Schlagwort ‘Tanzverbot‘

stille Feiertage

Heute ist Ostermontag, für einige schlicht ein freier Tag, für andere ein Feiertag, den sie im Rahmen des Osterfests entsprechend würdigen. Der gestrige Sonntag, ebenso wie Karfreitag, waren beispielsweise zwei dieser «stillen Feiertage», welche dieses Jahr die Gemüter einiger nimmersatter Zeitgenossen in Erregung versetzen.

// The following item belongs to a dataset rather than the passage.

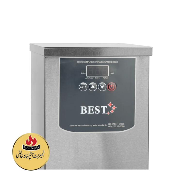 بویلر اب 30 لیتری بست (BEST) مدل PSM_03N در دو رنگ سفید و مشکی موجود می باشد و همچنین ظرفیت این دستگاه 30 لیتر می باشد. همچنین این دستگاه دارای دو مخزن اب سرد و اب جوش است. جنس بدنه این دستگاه از استیل ضدزنگ می باشد. که دارای مقاومت بسیار بالایی است. بویلر بست قابلیت اتصال به اب شهری را نیز دارد و این دستگاه دارای توان مصرفی 3 کیلو وات می باشد . بویلر بست دارای استیمر نیز می باشد. که قابلیت تولید کف شیر با کیفیت بالا را نیز دارد . بویلر بست دارای ظاهر زیبا و اندازه بسیار مناسب می باشد. حتی می توان ان را در کوچک تر نیز مورد استفاده قرار داد . این بویلر اکثرا در کافس شاپ ها،رستوران ها،دفاترکار،اداره ها و …… مورد استفاده قرار می گیرد و امروزه که اب جوش یکی از موارد مورد نیاز و حیاطی هر کافی شاپ می باشد. با این بویلرها می توان همیشه اب جوش در اختیار داشت و در کن ترین زمان ممکن چای،قهوه،نسکافهو دمنوش تهیه کرد .

Ein paar dieser Feiertage erliegen also einem Tanzverbot, welcher sich auf Teile des Tages bzw. den gesamten Tag erstreckt, je nach Bundesland. Ist dies schlimm? Nein, für mich ist es schlicht ein deal, ich habe einen freien Tag und die Gläubigen können in sich gehen oder was man auch immer sonst an dem jeweiligen Tag tut. Der Rest in der Bevölkerung hat, abgesehen von diesen wenigen Tagen, das ganze Jahr über die Möglichkeit irgendeiner Art von Gaudi nachzugehen. Beseitigt man den Charakter von Feiertagen, fällt auch die letzte Bastion und somit der Feiertag selbst. Freie Tage, gänzlich profan begangen, wird es also nicht geben. Man kann von diesen träumen, aber letztendlich ist einzig der spirituelle Charakter dieser auch eine Versicherung für den Erhalt jener Tage. Wirtschaft und Staat versuchen längst an diversen Ecken und Enden dieses letzte verbleibende Bollwerk eines möglichen Innehaltens1 niederzureißen.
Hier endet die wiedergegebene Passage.